> Information:
====================
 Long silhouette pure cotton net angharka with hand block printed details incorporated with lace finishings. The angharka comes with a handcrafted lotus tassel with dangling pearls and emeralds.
====================
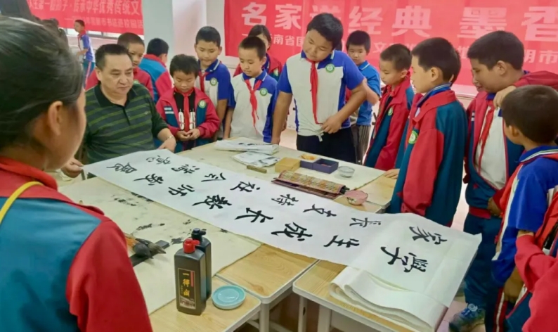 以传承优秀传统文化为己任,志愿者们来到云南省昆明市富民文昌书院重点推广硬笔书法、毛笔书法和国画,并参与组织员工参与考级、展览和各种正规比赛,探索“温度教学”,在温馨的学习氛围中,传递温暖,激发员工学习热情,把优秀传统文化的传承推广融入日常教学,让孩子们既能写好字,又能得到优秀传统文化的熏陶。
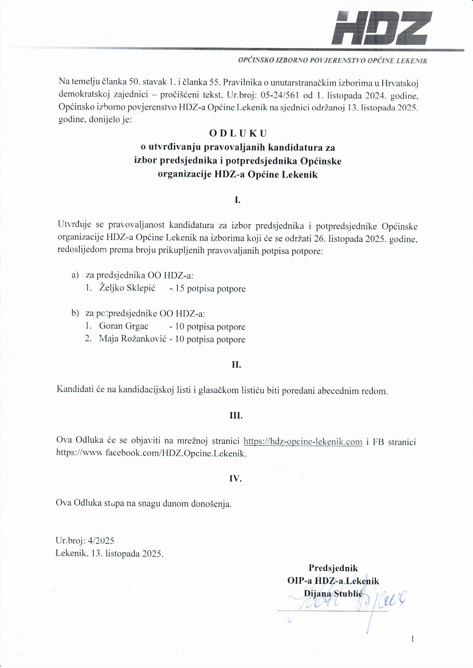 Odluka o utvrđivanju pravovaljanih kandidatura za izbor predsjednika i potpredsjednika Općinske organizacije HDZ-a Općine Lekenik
====================
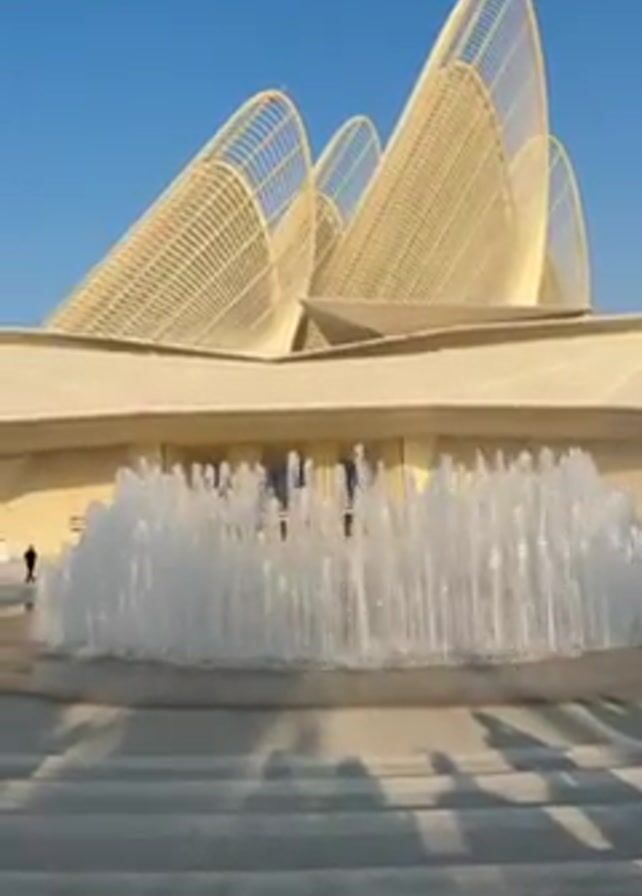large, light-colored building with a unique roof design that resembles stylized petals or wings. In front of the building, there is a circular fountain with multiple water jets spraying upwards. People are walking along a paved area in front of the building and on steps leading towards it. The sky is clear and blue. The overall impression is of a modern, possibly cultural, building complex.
====================
> What you are asked to do: Make an exact copy of the lines above, beginning with the line with "以传承优秀传统文化为己任,志" and ending with the line with "Odluka o utvrđivanju", and keep the pictures out of it.

> Task output:
 以传承优秀传统文化为己任,志愿者们来到云南省昆明市富民文昌书院重点推广硬笔书法、毛笔书法和国画,并参与组织员工参与考级、展览和各种正规比赛,探索“温度教学”,在温馨的学习氛围中,传递温暖,激发员工学习热情,把优秀传统文化的传承推广融入日常教学,让孩子们既能写好字,又能得到优秀传统文化的熏陶。
 Odluka o utvrđivanju pravovaljanih kandidatura za izbor predsjednika i potpredsjednika Općinske organizacije HDZ-a Općine Lekenik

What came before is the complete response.